In fact, I would argue that even Fr. Robert Barron, the author and narrator of the wonderful book and DVD Catholicism and a solid and dedicated servant of the Church, does not help in this regard. Not that he has described God the Father in an inaccurate or unorthodox way. Thomas Aquinas would nod in agreement to what Barron had to say in a recent column. But I would have a hard time praying to the God Barron describes: “God is not a supreme item within the universe or alongside of it; rather, God is the sheer ocean of being from whose fullness the universe in its entirety exists….God is not a being within the natural order. Instead, He is the reason why there is that nexus of conditioned causes that we call nature — at all.” I know, I know: Barron is not promoting pantheism, but I can see why someone would interpret his words in that way.

That’s why I say, “Thank God for Christmas.” Because of Christmas we don’t have to form on our own, with unaided human reason, through philosophical rumination, a clear grasp of what God the Father “looks like” to worship God. We have Jesus. The Word was made Flesh, and dwelt amongst us. Jesus is God, as well as man. Our God is the God who taught us of the Good Samaritan and the Good Shepherd; the God who knew the difference between the prayers of the Pharisee and those of the tax collector; the God who saved the woman about to be stoned for her sins, with the warning, “He amongst you who is without sin, cast the first stone.” Our God is the God who promised the Good Thief on the cross that he — he personally, not just as part of a perfected human community in something like Teilhard de Chardin’s “divine milieu” — would be “with me this day in Paradise.”
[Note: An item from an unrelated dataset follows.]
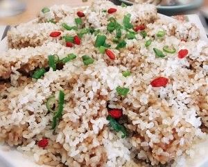 大火蒸45分钟至一个小时,起锅前加入枸杞焖一会儿再撒上葱花即可。软嫩又有弹性的排骨肉酱香浓郁,配上吸附了肉香的糯米,口感完美

Our God, the God who came to us on Christmas, is the God who loved little children and promised the millstone to those who would corrupt them. Our God promised forgiveness to sinners and called upon us to love one another as the Father in Heaven loves us. Fathers can love. Most humans have a hard time picturing how the “ground of our being” can love. We have more to work with. We have Jesus, because of Christmas. Jesus is a person who loves us, a person we can please, a person we can displease.
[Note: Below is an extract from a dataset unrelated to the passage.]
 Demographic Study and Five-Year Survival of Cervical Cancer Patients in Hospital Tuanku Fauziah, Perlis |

The old Christmas carols were on the mark. There has been a new and glorious morn, one which brings tidings of comfort and joy, a reason for the weary world to rejoice, a new creation. Old things have passed away; all things have become new. Christ the savior is born and through Him we know the loving Father in Heaven. The theologians’ alternate depiction of God — as the “ground of our being” and the “nexus of conditioned causes” — does not provide us a clearer picture than what Jesus gave us, just one more polysyllabic and dull.